USENIX Security '20 - Fawkes: Protecting Privacy against Unauthorized Deep Learning Models
Shawn Shan, Emily Wenger, Jiayun Zhang, Huiying Li, Haitao Zheng, and Ben Y. Zhao, University of Chicago
Today's proliferation of powerful facial recognition systems poses a real threat to personal privacy. As Clearview.ai demonstrated, anyone can canvas the Internet for data and train highly accurate facial recognition models of individuals without their knowledge. We need tools to protect ourselves from potential misuses of unauthorized facial recognition systems. Unfortunately, no practical or effective solutions exist.

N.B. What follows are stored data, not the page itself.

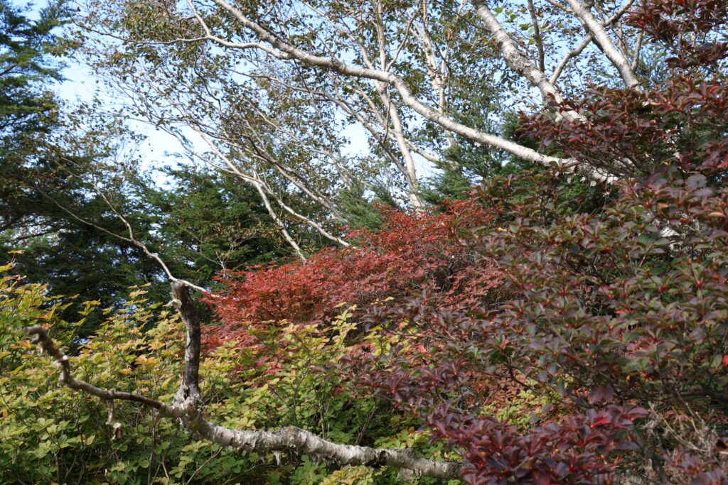 また、標高が高いということは早めに始まる紅葉も気になるところですが、ツツジ類は一部色付き始めている株がありました!ですが、全体的にはまだほとんど緑の葉ばかりで、週明け頃から徐々に色付き始めるかも?と言ったところでしょうか。
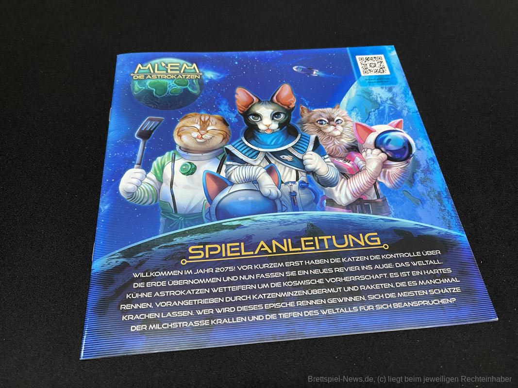 Das Regelwerk umfasst 16 Seiten. Es ist locker gestaltet, mit großer Schrift und vielen Beispielen, die die Regeln sehr gut erklären. Die Anleitung schließt auf der letzten Seite mit einer Symbolübersicht ab, sodass die Spezialfähigkeiten der Astronautenkatzen schnell nachgeschaut werden können. Abgesehen von den Regeln sind alle Spielkomponenten sprachneutral.
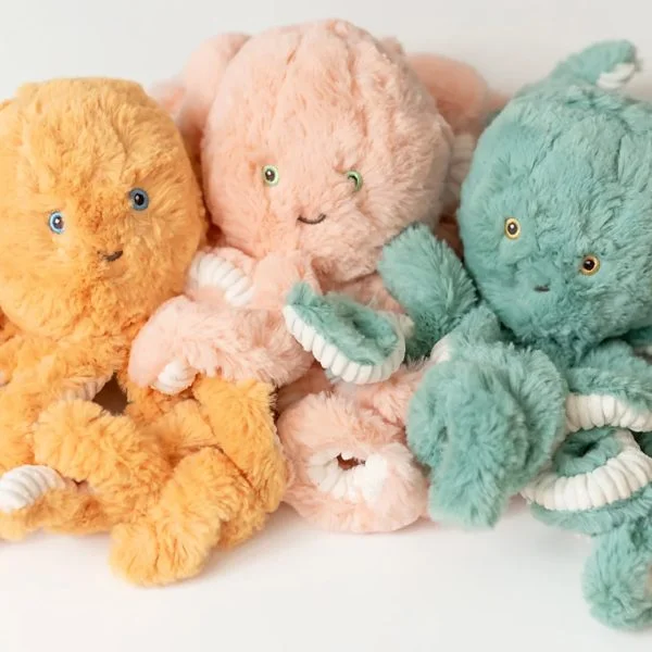 Une peluche d’une irrésistible douceur à câliner sans modération ! Ce joli poulpe est fabriqué avec amour avec des matériaux durables et de qualité en suivant un processus de fabrication équitable et socialement responsable.Existe en Bleu céladon ou Rose des sables. Hauteur : 25 cm.
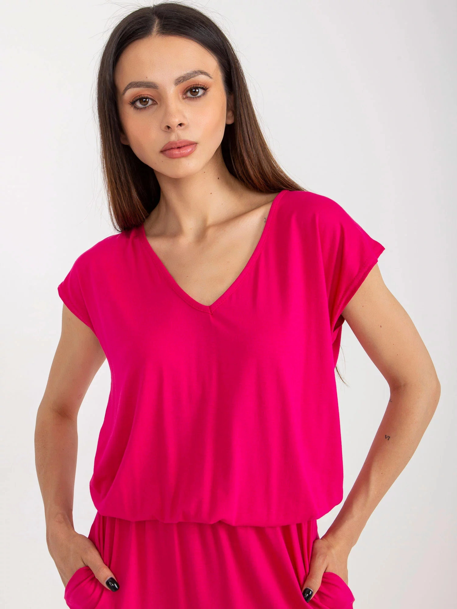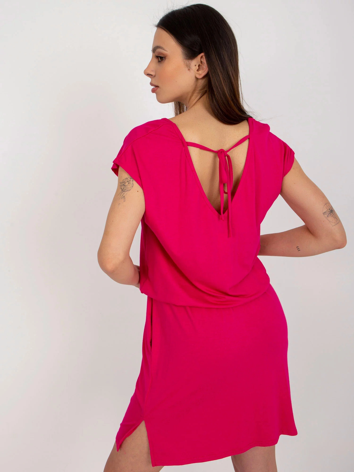 Fuchsiové šaty pro každodenní nošení s krátkými rukávy od značky RUE PARIS.
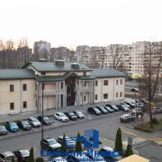 Здание расположено в районе плотной жилой застройки р-н Зеленый Луг, в живописном месте с прекрасными видами на Севастопольский парк. Активный транспортный и клиентский поток, близость жилых кварталов, а также в шаговой доступности находится БЦ «Парк Плаза».
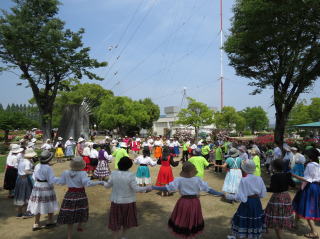 | 晴れ渡った秋空の下、70名のダンサーが集いました。 今年は3連休でもあり、外国からの観光客が多く、 飛び入りのちびっ子や一般参加者で盛り上がりました。 これを機にフォークダンスの輪が広がるように願っています。 |
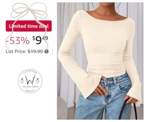 🌟🌟🌟 This top is such a score! ✨ Boat neck, bell sleeves, and that ruched fit that somehow works for jeans and nights out. It’s comfy, flattering, and one of those pieces that makes a simple outfit feel styled. Perfect for when you want casual with a little edge 💖💕 Save 53% for a Limited Time! Love, Jess
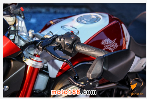 金屬油箱蓋上有著MV AGUSTA的LOGO,看起來質(zhì)感滿點
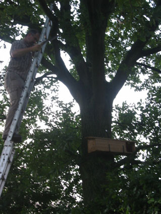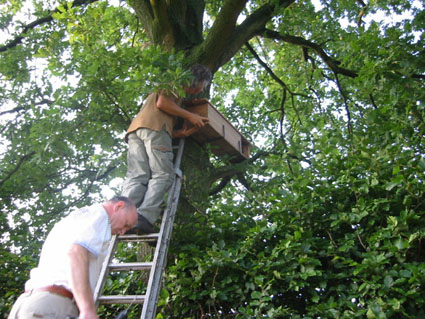 De eerste plaatsing van een Steenuilenkast door de werkgroep bij de familie v Rijsingen (30 juni 2005)
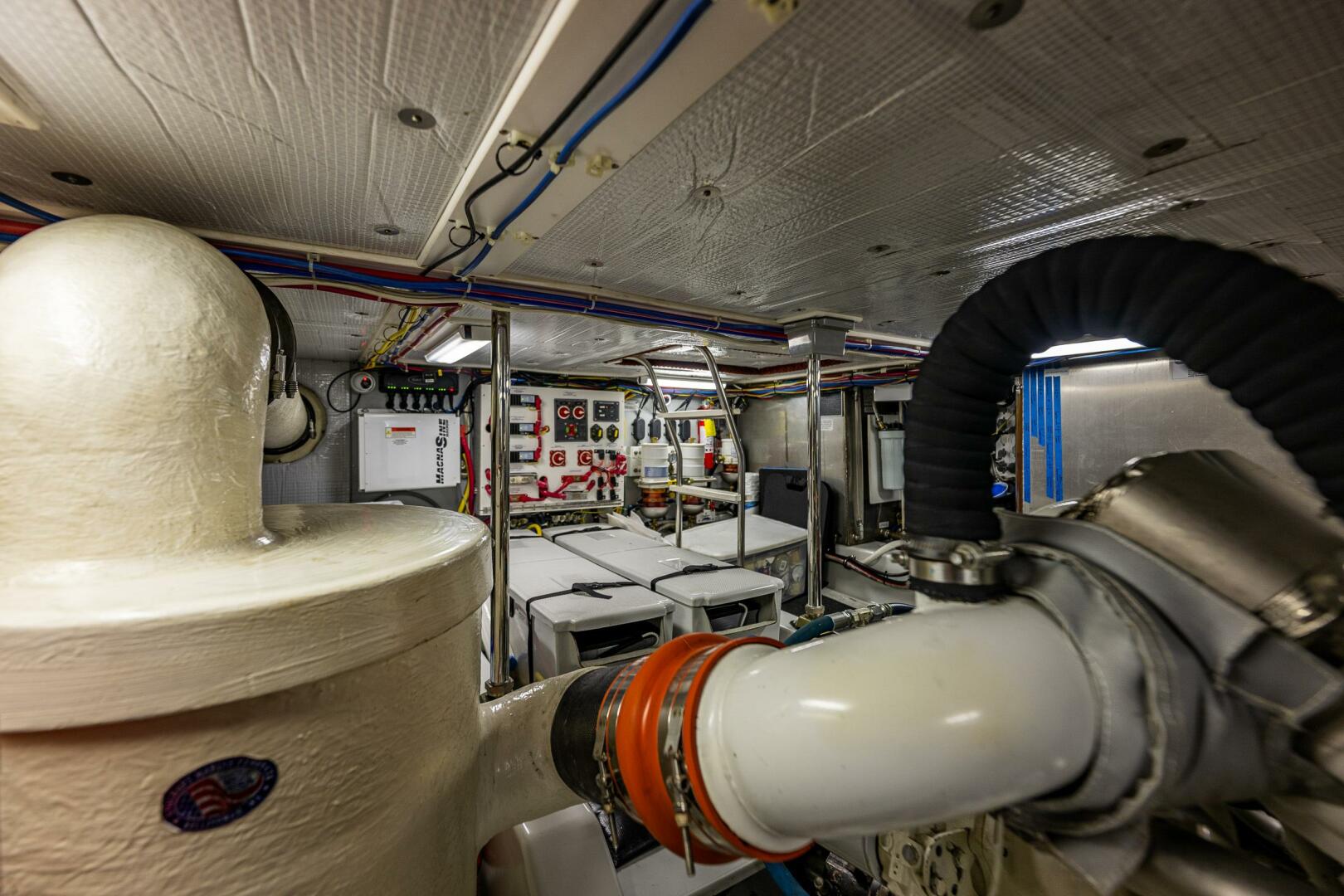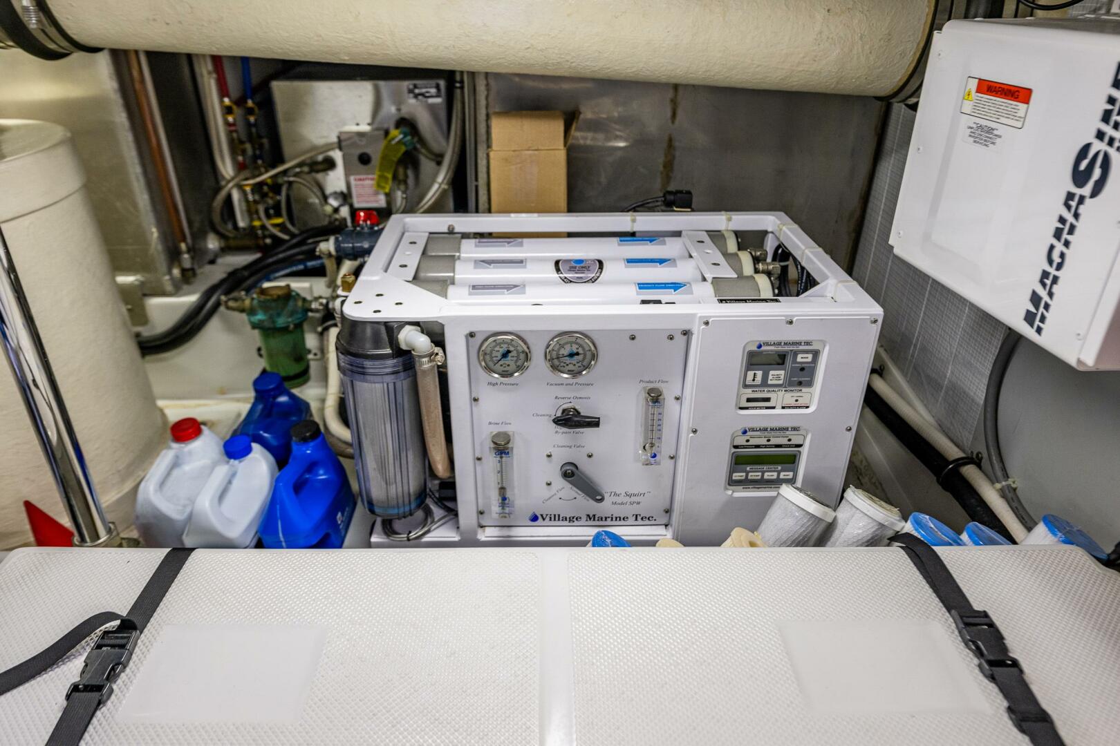 All the spaces are heated with an Espar diesel furnace, ducted throughout the boat. There are three additional 110-volt heaters all independently controlled for keeping her warm on the dock or in the off-season as well as an OceanAire reverse cycle unit in the master cabin and Pilothouse.
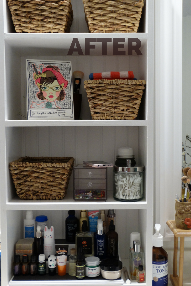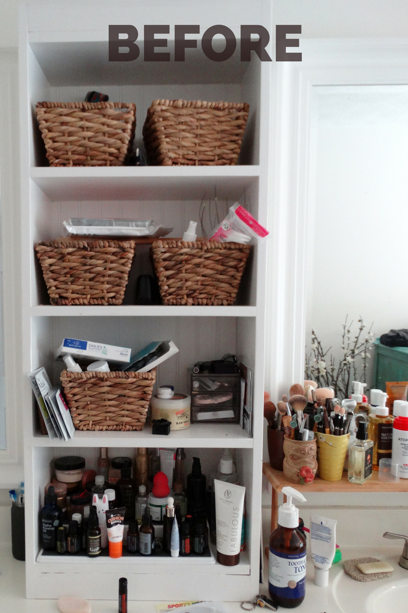 My husband built this shelf and bought some baskets so that I could store my stuff without having to bend down and get things out from under the bathroom cabinet constantly. Out of sight is where Kondo recommends keeping products. What I keep on these shelves are items I use multiple times per day like essential oils, lotions, make up, etc.

In this paper, we propose Fawkes, a system that helps individuals inoculate their images against unauthorized facial recognition models. Fawkes achieves this by helping users add imperceptible pixel-level changes (we call them ""cloaks"") to their own photos before releasing them. When used to train facial recognition models, these ""cloaked"" images produce functional models that consistently cause normal images of the user to be misidentified. We experimentally demonstrate that Fawkes provides 95+% protection against user recognition regardless of how trackers train their models. Even when clean, uncloaked images are ""leaked"" to the tracker and used for training, Fawkes can still maintain an 80+% protection success rate. We achieve 100% success in experiments against today's state-of-the-art facial recognition services. Finally, we show that Fawkes is robust against a variety of countermeasures that try to detect or disrupt image cloaks.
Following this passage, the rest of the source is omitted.